1) Boundary Value Problem:

(a) Solve the differential equation, **u_xx = - (pi^2/4)*(u +1 )** [Eq. 3.54
in the textbook], with the boundary conditions: **u_x(0) = 1** and **u_x(1)
= 1**. Use the shooting method. You may modify the program 'shooting.f' (or
its analogue in C). Make a plot of **u(x)** and **u_x(x)**. Obtain the
analytical result for this set of boundary conditions using Mathematica.

**(25 points) **

(b) Modify the program 'shooting.f' (or its analogue in C) to use equations
3.59 - 3.63 instead of the shooting method to solve the same problem given in
the book, **u_xx = - (pi^2/4)*(u +1 )**, with the boundary conditions: **u(0)
= 0** and **u(1) = 1**. Again, use 'shooting.f' (or its analogue in C) as
a starting point.

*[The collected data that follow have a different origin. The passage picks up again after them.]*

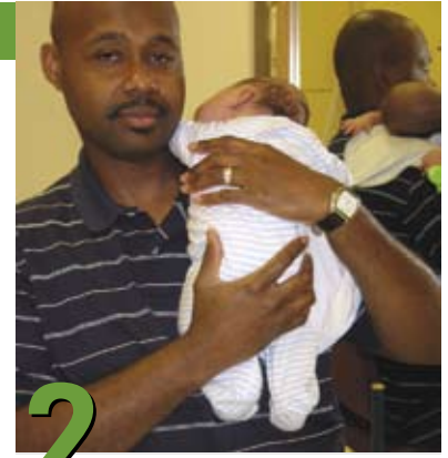
2 Cómo cargar al bebé
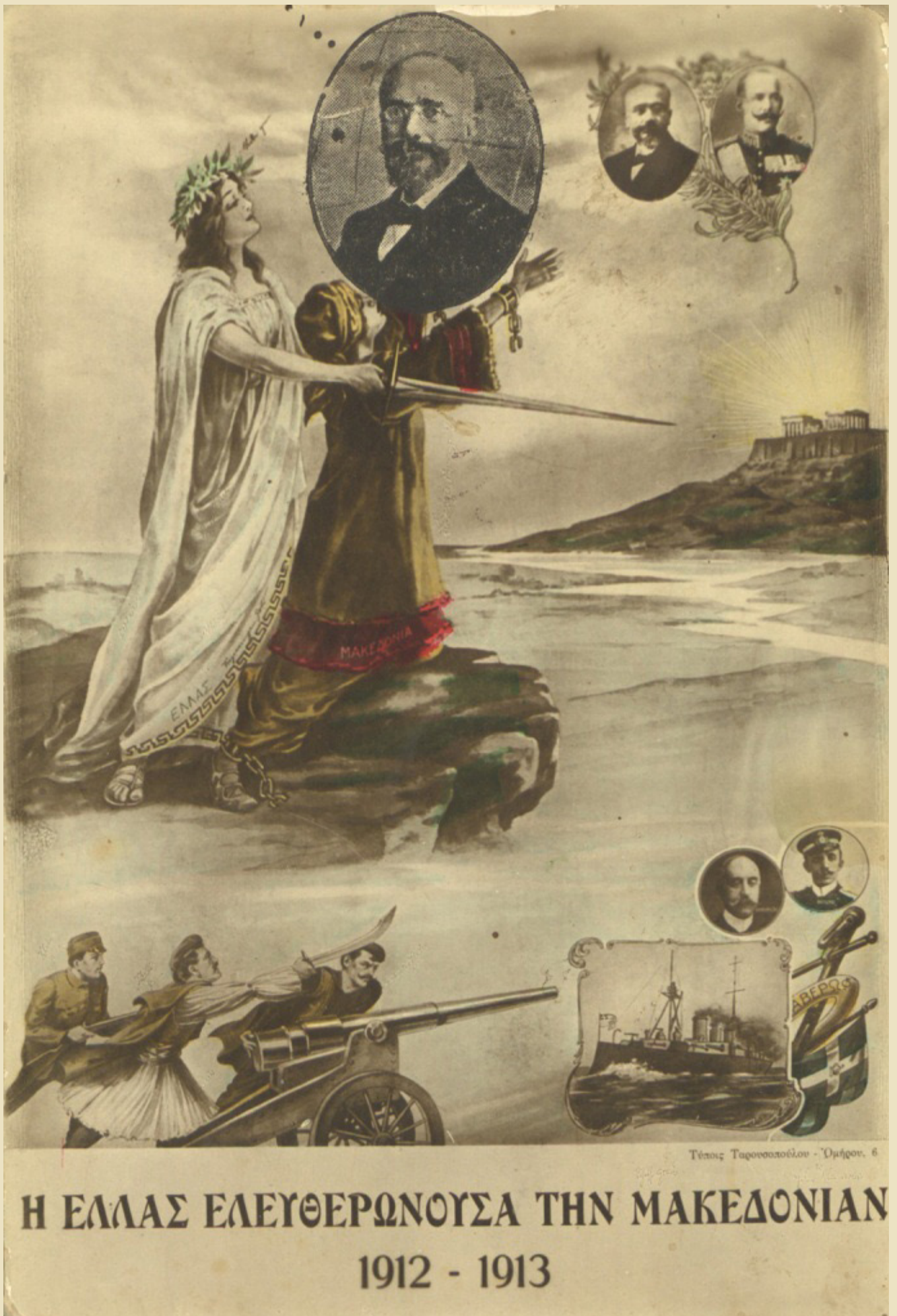
Postcard on the great victory of the Greek army
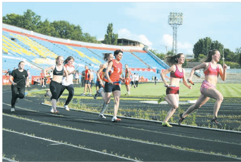
Легкоатлетки на дистанции.
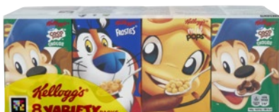
KELLOGG'S 8 Variety Packs g 215
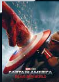
Captain America: Brave New World FSK -
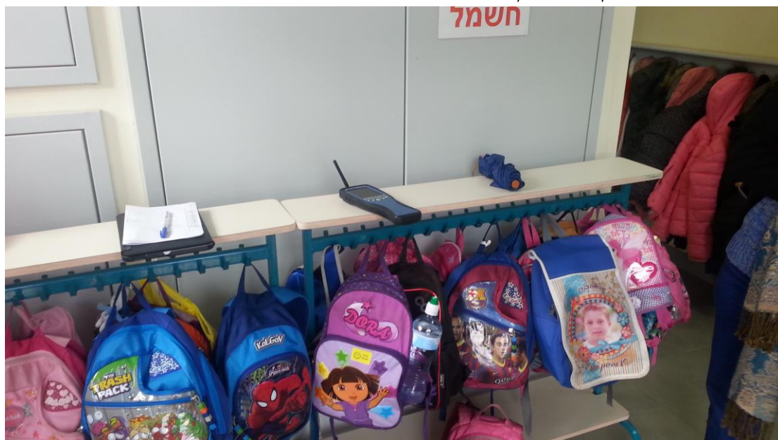
תמונה מס' 1 - מסדרון כניסה לגן
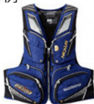
フローティングベスト
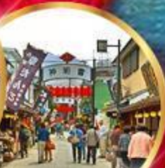
ย่านโบราณ ชิชะมาตะ
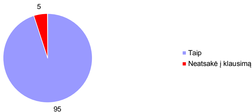
2 pav. Respondentų pritarimas mokytojo padėjėjo reikalingumui, %

Tyrimu buvo siekta išsiaiškinti, kokių kompetencijų reikia mokytojo padėjėjui, nes tai liečia ne tik mokinių socialinių gebėjimų ugdymą, bet ir ugdymąsi paminėje veikloje.
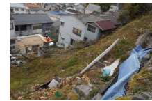
高台から瓦礫や岩石、柵等が落下するおそれ
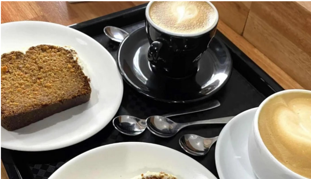
Cafelicidad comentario 2
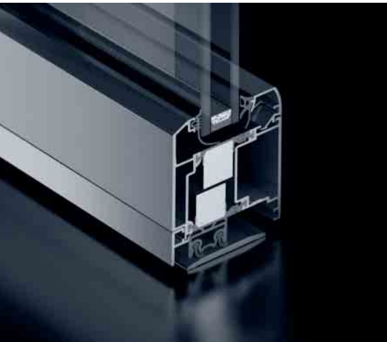
Schüco Tür ADS 75 RL.SI Schüco Door ADS 75 RL.SI
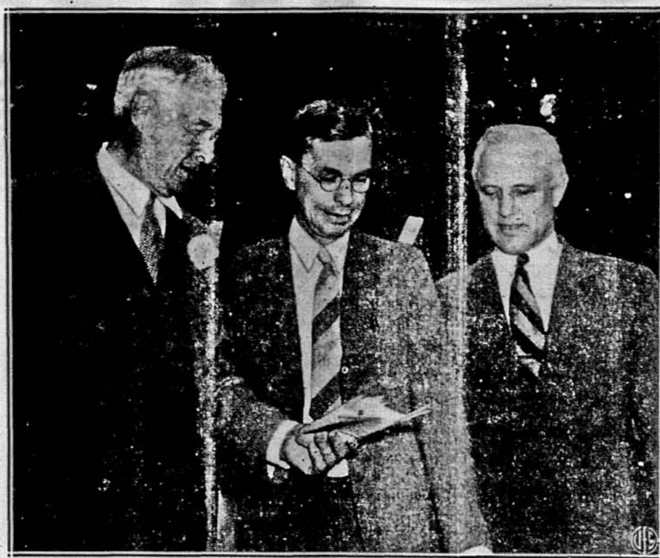
ТРИ ЗНАВЦІ, ПРО КОТРИХ ГОВОРІТЬ ЦІЛА АМЕРИКА. — Про нікого в останніх днях не писали газети так багато, як про Бернарда М. Барука і його комісію, що розслідувала умову проблему, себто ту, що є сьогодні чи не найбільшою журую Об'єднаних Держав. Кажуть, що знаменитий звіт комісії допоможе цю проблему розв'язати. На образку бачимо Б. М. Барука як першого зліва. Другим зліва є д-р Джеймс Б. Конент, а останнім д-р Карл Компто.
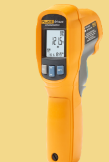
Termometro a infrarossi Fluke 64 MAX
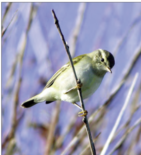
34. Pouillot à grands sourcils Phylloscopus inornatus , Ouessant, Finistère, octobre 2004 (Miguel Vergès). Yellow-browed Warbler.
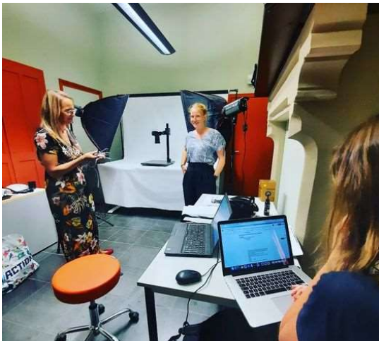
Op 6 juli verzamelden we met enkele erfgoedcellers bij Erfgoedcel Denderland voor de praktische uitwerking van 'Digitalisering voor vrijwilligers'
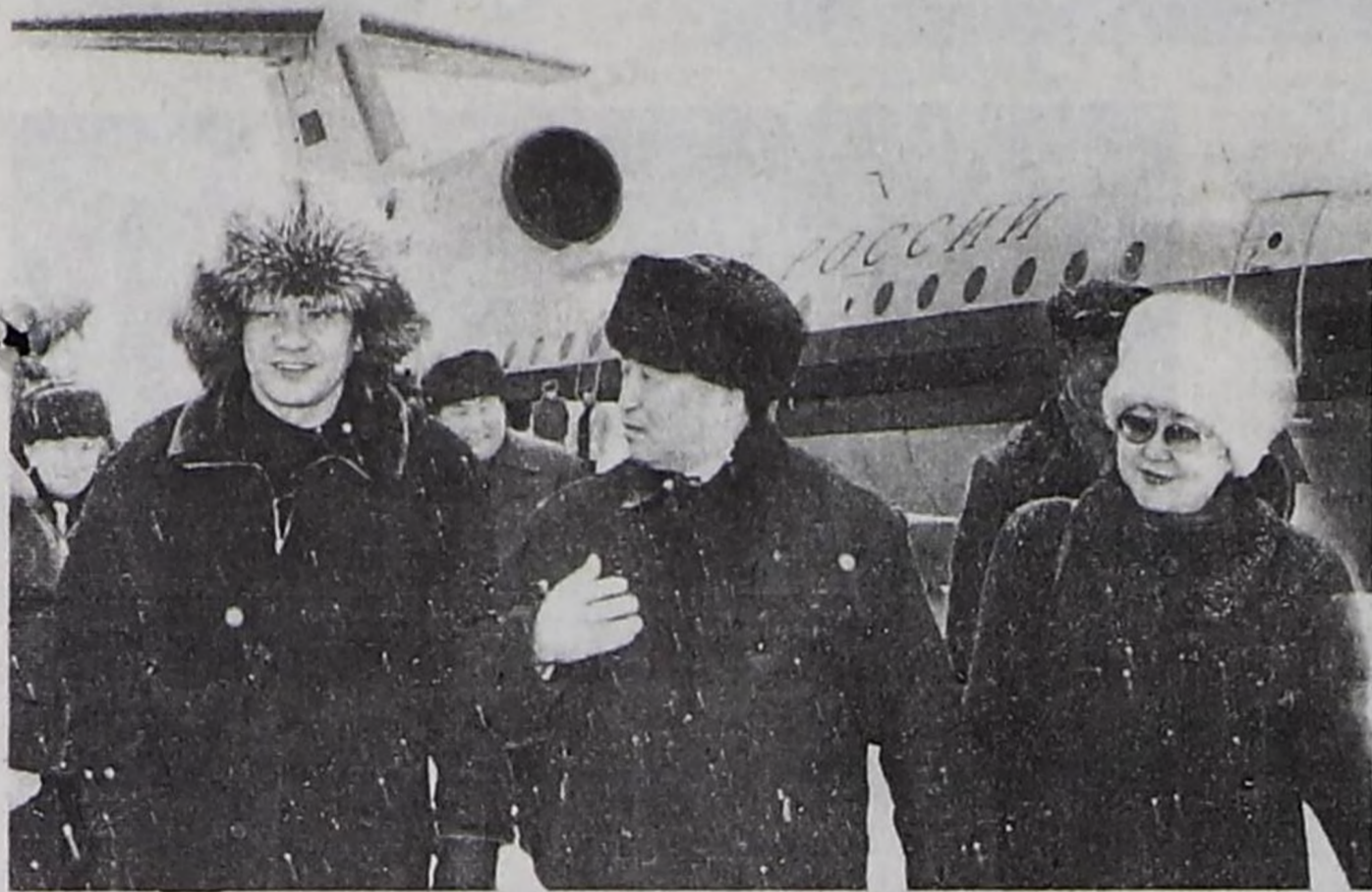
С.К. Шойгуну аэропортка уткуп турганы.
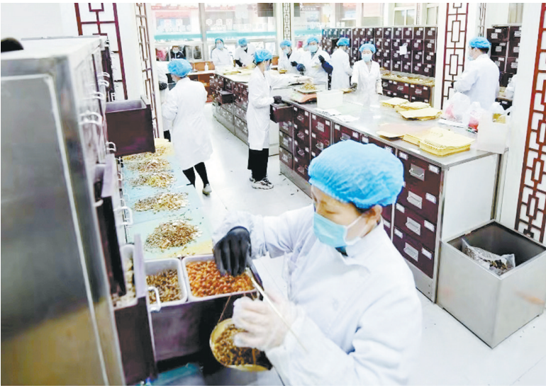
市中研附院传承中医文化、惠及百姓健康
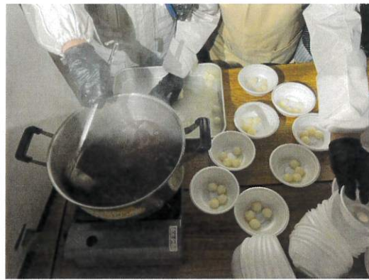
～ぜんざいもふるまわれました～
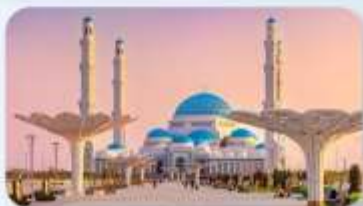
Astana Grand Mosque
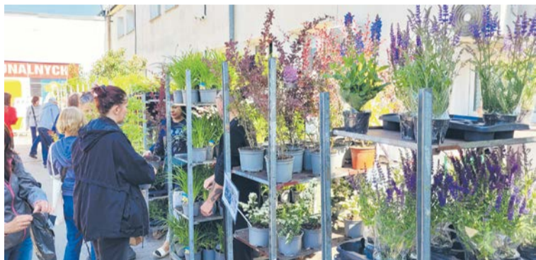
Mieszkańcy mogli wybierać spośród wielu rodzajów roślin i ziół.

Liczna grupa ciechanowian wzięła udział w proekologicznej akcji edukacyjnej „Sadzonka za elektroodpady”, zorganizowanej przez władze miasta wspólnie z Przedsiębiorstwem Usług Komunalnych.
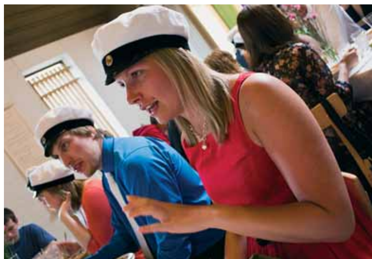
Vappfesten i Åbo.
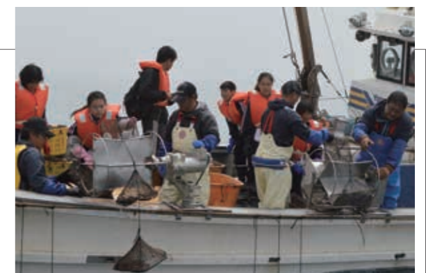
▲漁協組合員の方に教わりながら水揚げを行いました

村の基幹産業である漁業を学ぶため、中学校1年生が村漁業協同組合を訪れました。生徒たちは漁船に乗って養殖ホタテの水揚げ作業を行った後、荷さばき施設で選別作業を体験しました。質問の時間では「漁師のやりがいは何ですか」「大変なことは何ですか」など熱心に質問し、漁師の苦労や漁業の魅力について学びました。
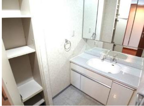
◆シャンプードレッサー付大型洗面化粧台 ◆収納スペースもしっかりあってタオルも沢山置けます
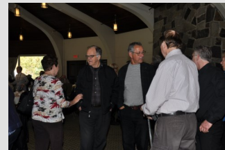
Certains discutent plus sérieusement.
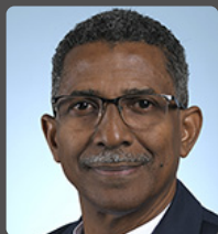
Jean-Victor CASTOR député de Guyane
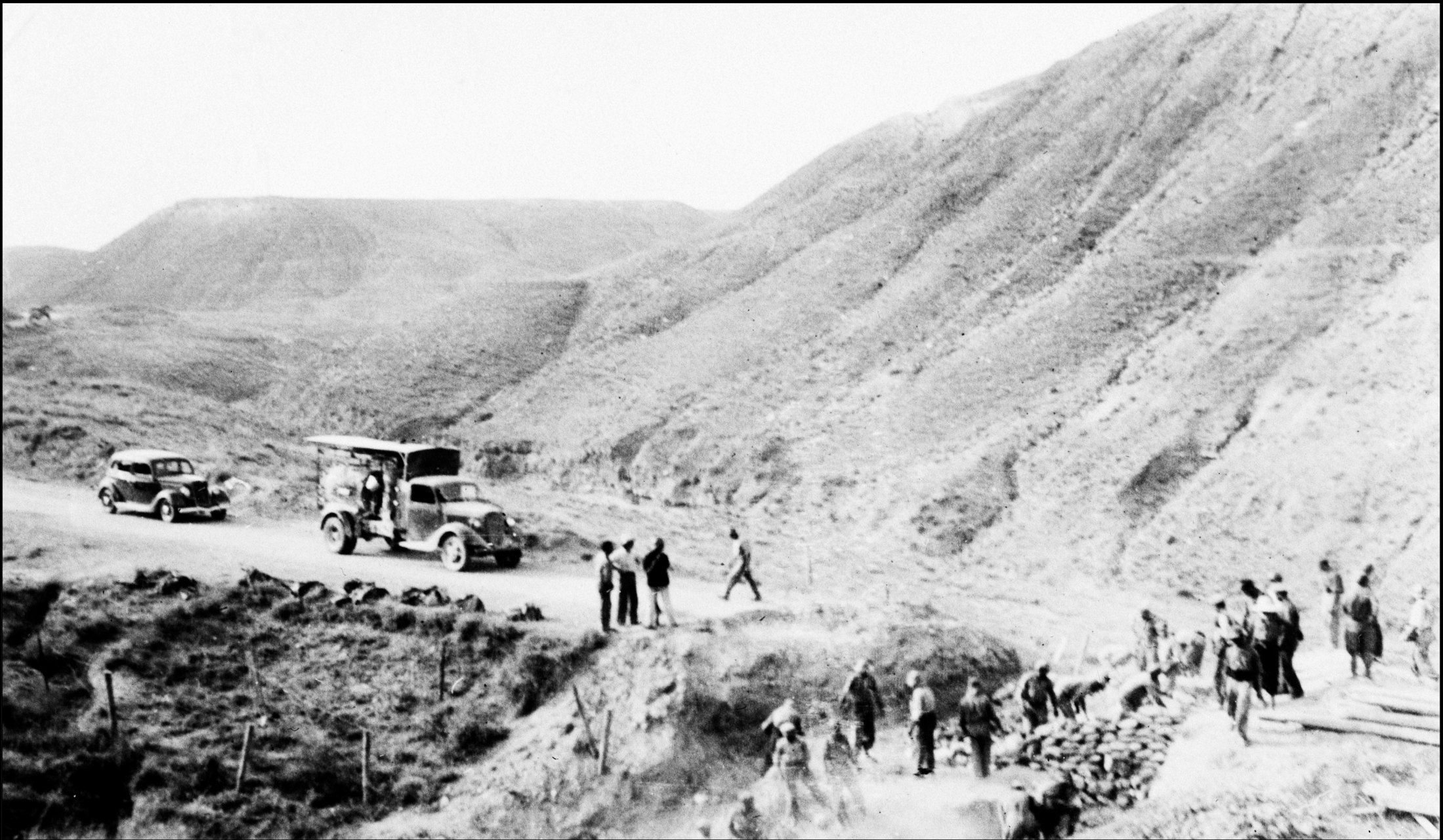
Reparación Carretera en la Revueltilla

Hand in a printout of your program, and mark the changes you
made to the original program.

**(25 points) **

2) Integral Equation:

Write a program to find **f(x)** in the interval from **x= -1** to **x=1**
from the integral equation:

**f(x) = x + 0.5 Integral[ dt (t - x) f(t) ]**,
where the integral limits are **-1** and **1**. You may use and modify
the program presented in class. Plot your solution **f(x)** in the interval
from **x= -1** to **x=1**, and give an analytical expression for it.
Please hand in a printout of your program.

**(50 points) **